Last week, the children’s minister announced the launch of the prototype Adoption Support Fund. The scheme will be piloted in ten local authorities – Manchester, Newcastle, North Yorkshire, Solihull, Leicester, Hampshire, Gloucestershire, Cornwall, East Sussex and Lewisham – giving adopters in these authorities the opportunity to apply for money, which they can use to source support.

I sit on the Department for Education (DfE) Expert Advisory Group (EAG) as an adopter, alongside representatives from adoption agencies and charities, mental health, local authorities and professional bodies.

We are all tasked with assisting the DfE in the development of the Adoption Support Fund. The task has been a challenging one – to design a means of delivering appropriate therapeutic support to adoptive families, when they need it, with the minimum of bureaucracy and within a challenging budget. If you know anything about the current state of affairs you will appreciate this is very far from where we are now.

One hundred and fifty years ago in his large novel ‘Little Dorritt’, Charles Dickens somehow managed to nail the experience of adopters trying to gain access to support for their families.

‘Boards sat upon them, secretaries minuted upon them, commissioners gabbled about them, clerks registered, entered,
checked, and ticked them off, and they melted away. In short, all
 the business of the country went through the Circumlocution Office, except the business that never came out of it; and its name was 
Legion.’

The Circumlocution Office would be proud of a set up where adoptive families have a right to an assessment of their needs, but no right to access the support identified in that assessment. Often ‘Nobody’ has the budget with which to buy the specified support and so there are clear incentives to fob people off and wear them down until they ‘melt away’.

The UK National Health Service apparently has one medically qualified mental health practitioner per 30,000 children. In France they have one per 7,000. There is evidence that as demand for mental health services has risen and resources have fallen children have to get sicker and sicker before they ‘qualify’ for help. Behind the often unintended failings of the crap-eaucrasy are real people.

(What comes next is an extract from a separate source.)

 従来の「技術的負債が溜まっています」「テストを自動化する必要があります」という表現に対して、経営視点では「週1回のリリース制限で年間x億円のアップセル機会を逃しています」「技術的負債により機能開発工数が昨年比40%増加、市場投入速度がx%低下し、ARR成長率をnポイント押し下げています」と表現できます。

From where I sit, providing good, timely, warm therapeutic support to children and families who feel the chill winds of past neglect and abuse is a no brainer, morally, socially and economically. It particularly makes sense at a time when the government is working hard to recruit more adopters and when most prospective adopters are savvy enough to know that adopted children do not arrive ‘fresh out of the box’.

As a sales message, ‘you may not struggle, but if you do the support will be there’ has to be more effective than ‘good luck and goodbye’.

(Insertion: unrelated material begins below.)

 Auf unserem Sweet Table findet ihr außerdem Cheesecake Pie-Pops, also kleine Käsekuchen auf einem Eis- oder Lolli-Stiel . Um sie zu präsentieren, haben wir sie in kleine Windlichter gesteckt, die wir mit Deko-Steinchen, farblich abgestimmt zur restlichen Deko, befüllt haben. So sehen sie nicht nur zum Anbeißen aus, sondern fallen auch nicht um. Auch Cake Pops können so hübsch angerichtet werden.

The £19.3m that has been put into the Adoption Support Fund to kick-start it isn’t (you won’t be surprised to learn) going to cure the crap-eaucrasy, but it has the potential to make a significant difference to children who have had a rough start in life and for whom adoption is not the damp cloth which wipes the slate clean.

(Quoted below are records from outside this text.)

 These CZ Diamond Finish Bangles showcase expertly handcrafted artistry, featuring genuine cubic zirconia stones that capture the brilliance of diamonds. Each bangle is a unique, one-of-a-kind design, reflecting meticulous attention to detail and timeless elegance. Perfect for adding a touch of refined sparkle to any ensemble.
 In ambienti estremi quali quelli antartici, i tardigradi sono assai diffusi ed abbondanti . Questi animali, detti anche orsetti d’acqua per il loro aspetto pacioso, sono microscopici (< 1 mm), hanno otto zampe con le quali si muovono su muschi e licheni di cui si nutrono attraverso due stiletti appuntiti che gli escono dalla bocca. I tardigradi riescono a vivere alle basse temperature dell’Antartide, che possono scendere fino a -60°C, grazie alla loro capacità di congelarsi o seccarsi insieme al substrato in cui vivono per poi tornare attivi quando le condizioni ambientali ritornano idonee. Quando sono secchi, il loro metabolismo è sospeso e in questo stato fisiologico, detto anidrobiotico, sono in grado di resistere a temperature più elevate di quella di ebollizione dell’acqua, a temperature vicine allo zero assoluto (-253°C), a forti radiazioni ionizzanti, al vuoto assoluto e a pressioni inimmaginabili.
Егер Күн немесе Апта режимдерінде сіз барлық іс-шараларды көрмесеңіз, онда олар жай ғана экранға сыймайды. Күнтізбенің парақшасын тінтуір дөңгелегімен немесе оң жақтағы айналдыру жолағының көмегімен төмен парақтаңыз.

As the adopter on the EAG, I’ve thought long and hard about whether this personal budget type approach will deliver what is needed. Will it improve the lives of families, such as those who took part in Professor Julie Selwyn’s research ‘Beyond the Order’? Will it prevent families feeling forced to accept inappropriate interventions?

Will it improve the knowledge base amongst professionals of trauma and attachment? Will it facilitate early intervention? Will it increase the chances of a ‘hard to place’ children being placed? I think the answers to all these questions are ‘yes, but’.

It’s going to take time and work to really test and stretch the pilot scheme and more money and long-term commitment from current and future government to fix some of the structural failings that the support fund can’t hope to touch.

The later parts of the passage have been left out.